ヒトラー閣下は素晴らしい人物だよ → ヒトラー閣下についていってはダメなのでは? → うおおお、ヒトラー暗殺じゃあああ → いや、やっぱり素晴らしい人だ → やっぱダメだ!タマとったらあああとヒトラーに対する思いがいったりきたりしつつ、ヒトラー暗殺グループの一員になり、ヒトラー暗殺を目指すゲームです。

プレイヤーはヒトラー暗殺を試みるひとりとなり、全員が協力してヒトラー暗殺を成功させれば勝利となる協力ゲームです。

プレイヤーの手番は以下の流れで行います。

1.ナチス幹部の場所チェック

 マップ上でプレイヤーと同じ場所にナチスの幹部たち(ヒトラー、ヘス、ゲッペルスなど)のコマがないかを確認します。もし幹部コマがあるなら、幹部ごとに決まったペナルティを手番プレイヤーが受けます(ヒトラーならやる気減少、ゲッペルスなら特殊能力使用不可など)。

複数の幹部コマがある場合、その全てのペナルティを受けます。

2.アクション実施

 いくつかの選択肢から3アクションを実施します。一部を除いて、同手番に同アクションを実施可能です。選択肢には、

・アイテム獲得:今いる場所に落ちているアイテムを獲得する

・共謀者カード獲得:共謀者カードデッキから共謀者カードを1枚獲得します。共謀者カードには弱い効果を持った合法カード、強い効果を持った非合法カード、条件を満たすことで暗殺が実行できるようになる暗殺計画カードがあります。
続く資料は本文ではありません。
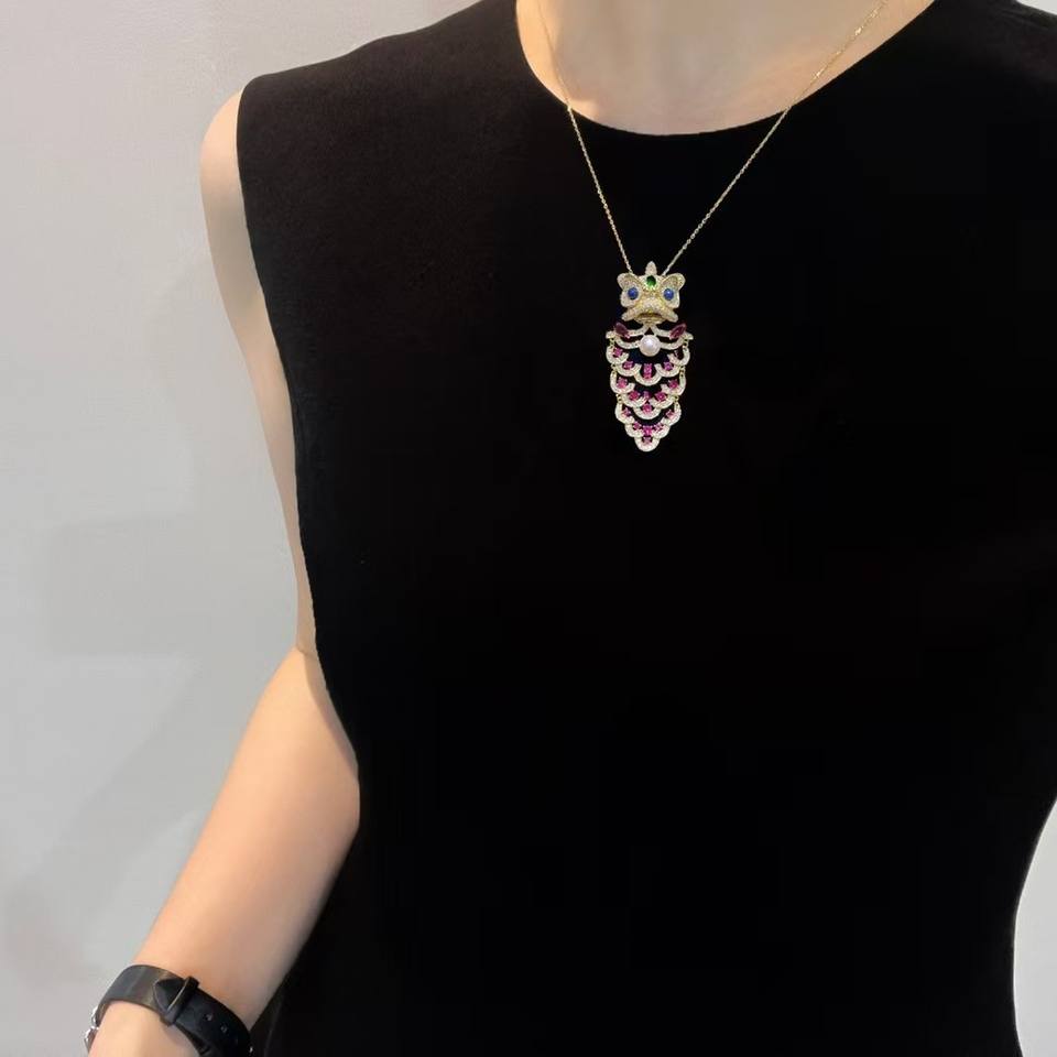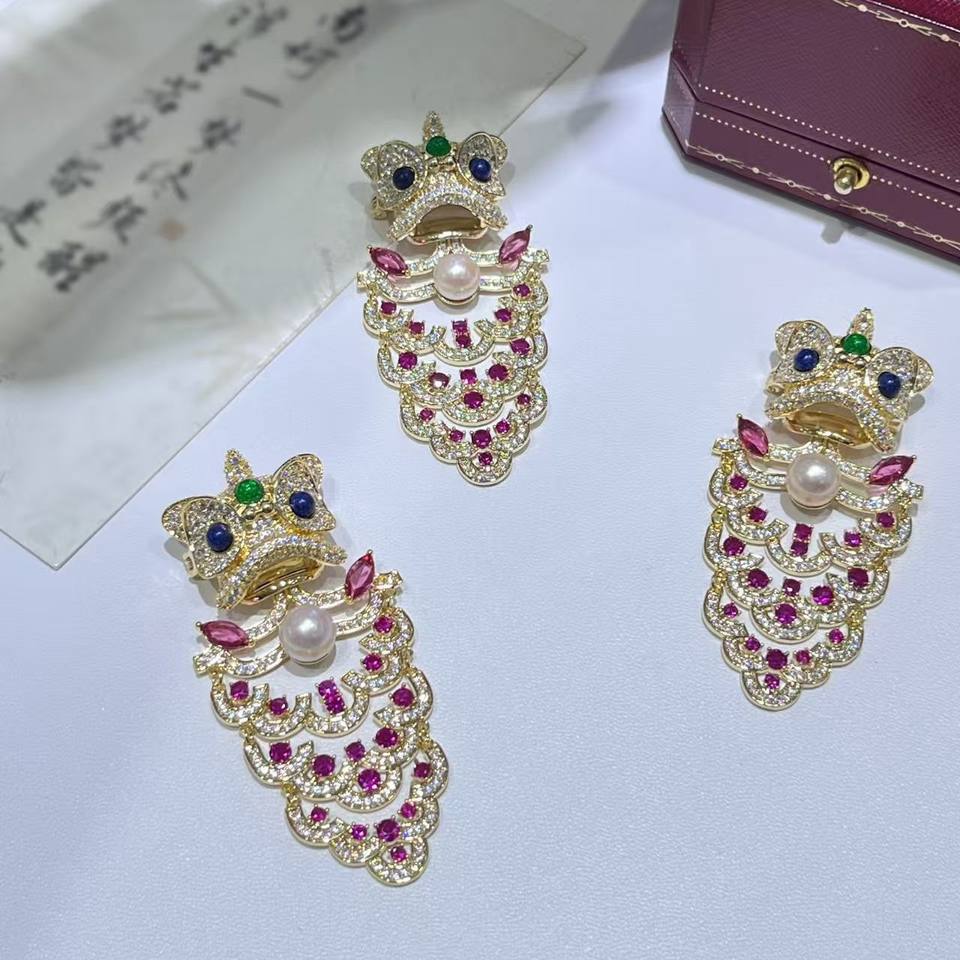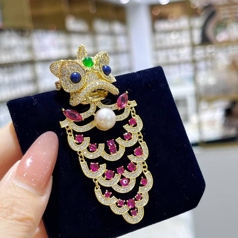 เข็มกลัดคริสตัลสไตล์จีนโบราณ ลายสิงโตเต้นรำ แบบติดปกเสื้อ สำหรับผู้ชายและผู้หญิง แฟชั่น 1 คู่
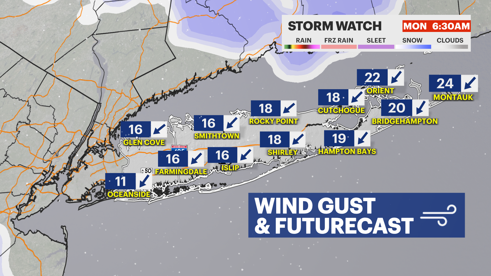BEFORE THE STORM: Today is clear but very cold. The record lowest high temperature for the date is 19F in Islip. Our forecast high for today is only 18 degrees. Wind chills will make it feel like the single digits all day.
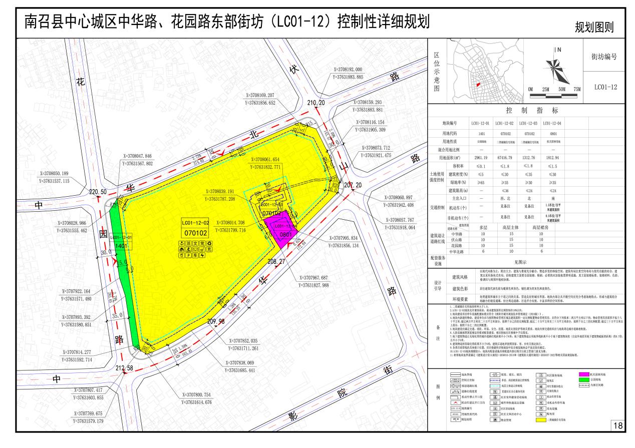 《南召县中心城区中华路、花园路东部街坊(LC01-12) 控制性详细规划》公示方案
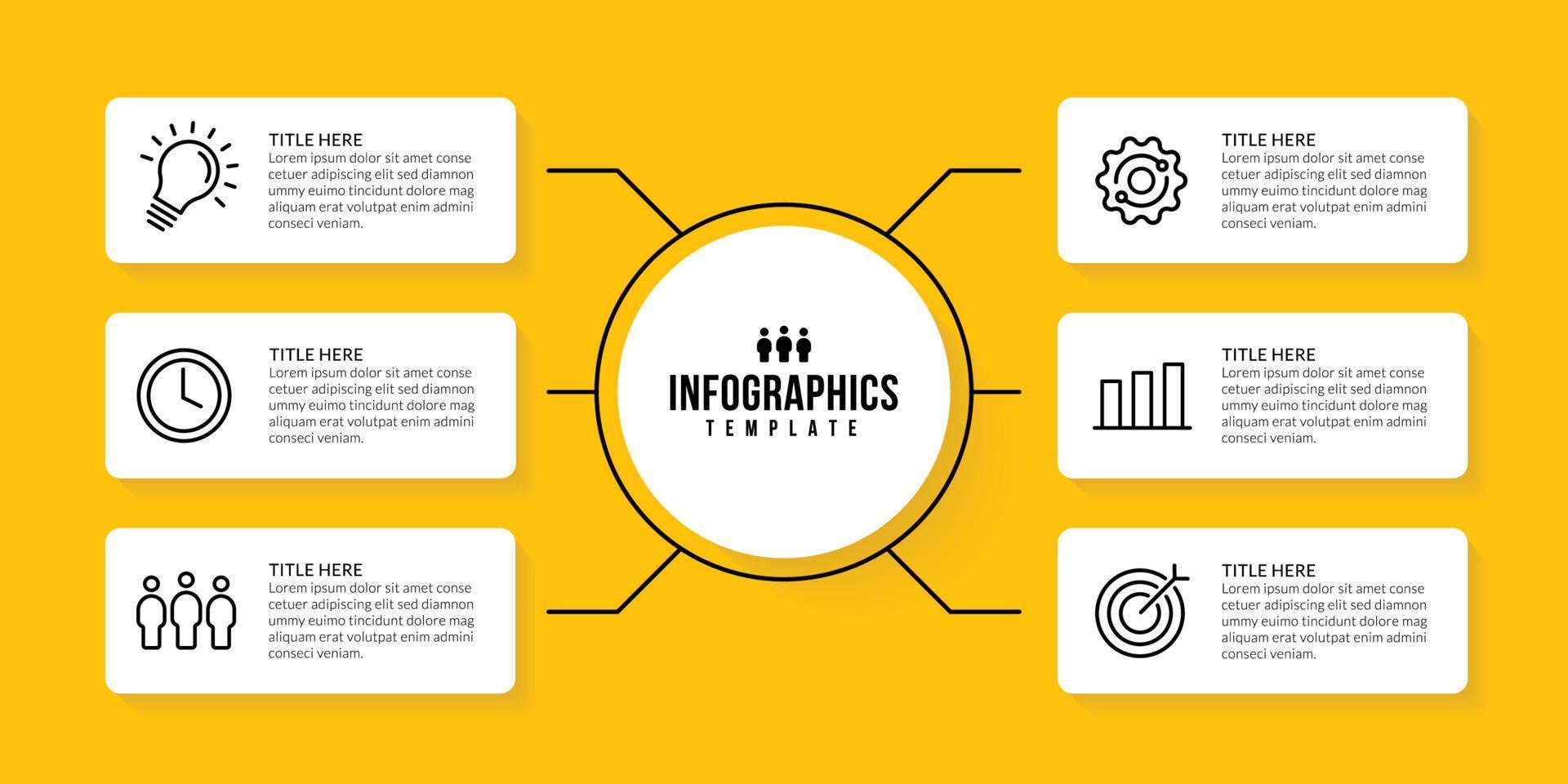 Workflow infographic template design with 6 options on yellow background, Business data visualization concept Pro Vector
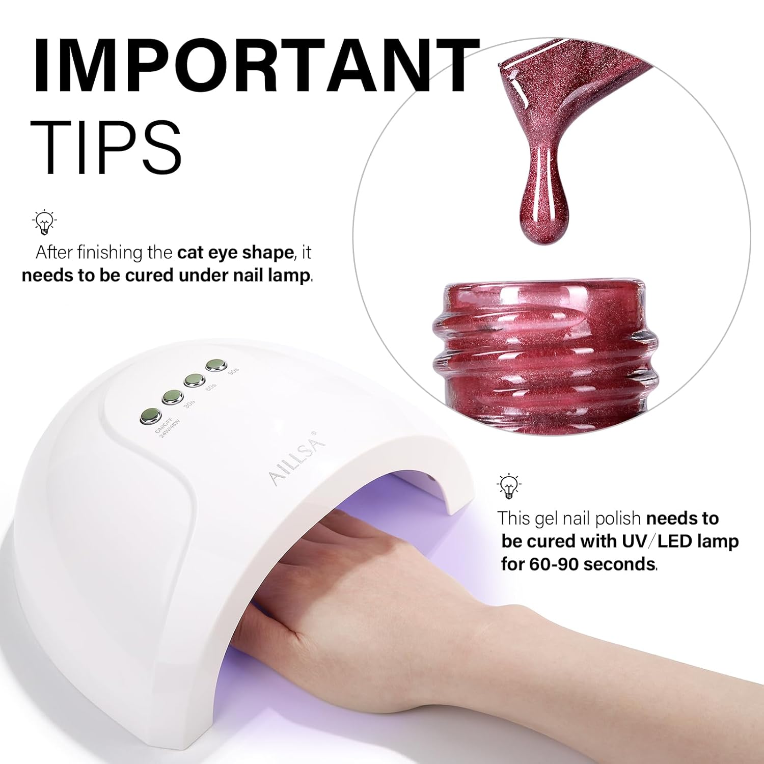 • Crystal Sparkle Effect: AILLSA cat eye gel polish creates mirror-like sparkle, crystal-clear nails, or vibrant cat-eye effects. Use it alone or pair it with any base color for stunning crystal glass nail designs featuring translucent tones and a dazzling finish.
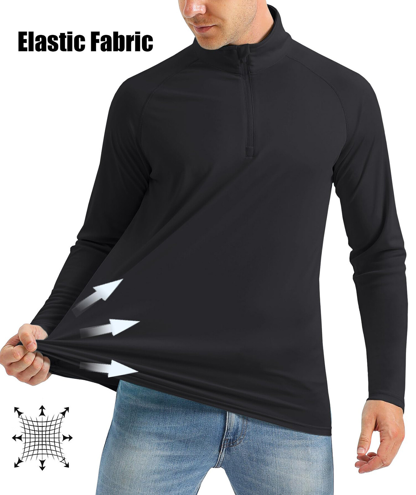 UPF50 Long Sleeve 1/4 Zip Men's T-Shirts Sun Block UV Shirts Quick Drying Tops
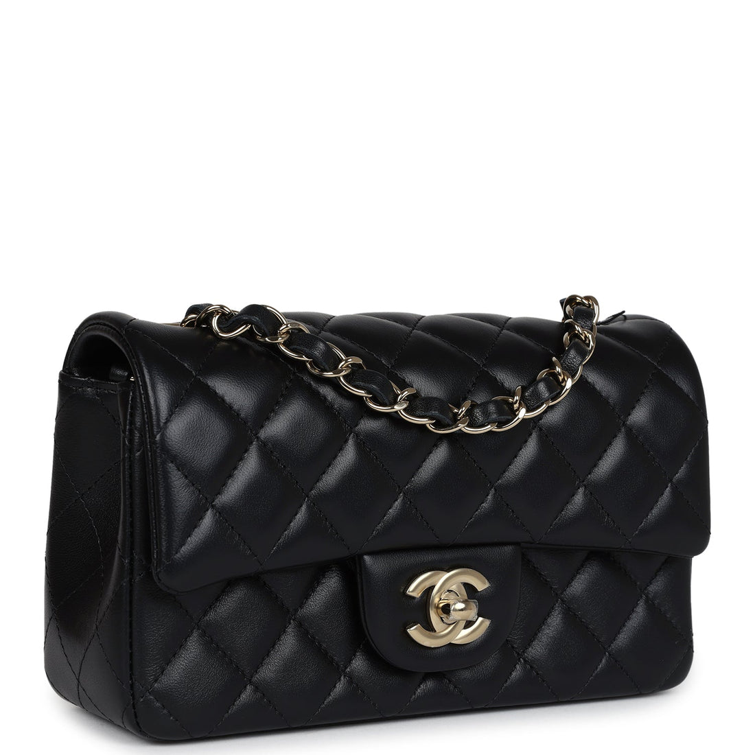 Chanel Mini Classic Rectangular Flap Bag Black Lambskin Light Gold Hardware
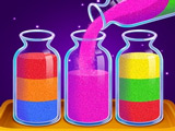 Tap the bottle you want to pour sand from, then tap the bottle you want to pour into. The top layer of sand moves to the second bottle. You can only stack sand of the same color, different shades cannot be poured on top of each other. Use empty bottles as buffers for temporary storage while you sort. Plan the sequence of moves so each color ends up in its own bottle. When a bottle is completely filled with one color, it goes into the container and frees up space on the field. If you get stuck on a level, you can watch an ad to get an extra empty bottle or a hint for your next move. Clear levels in order, earn coins, unlock new bottle sets, and solve calm logic puzzles at your own pace.

・移動:隣接するスペースに移動します。ゲームが進むに従って移動可能範囲は変化します(開戦前のゲーム序盤はドイツ国内のみ、戦線が進むに従って東西に移動可能範囲が増えていきますが、終盤はドイツが劣勢になるため逆に移動可能範囲が狭くなっていきます)。

・共謀:(1手番に1回のみ)残りのアクション数の内、任意の数を消費し、それと等しい数のダイスを振ります。ダイスはタカの目(第三帝国の目)、数字(1~3)、照準の目があり、数字がでるとその数字分のアクション数を獲得し、照準の目だとモチベーションをあげるなど特殊効果が得られます。ただし、タカの目がでると同じ場所にいる全プレイヤーの容疑レベルがあがります。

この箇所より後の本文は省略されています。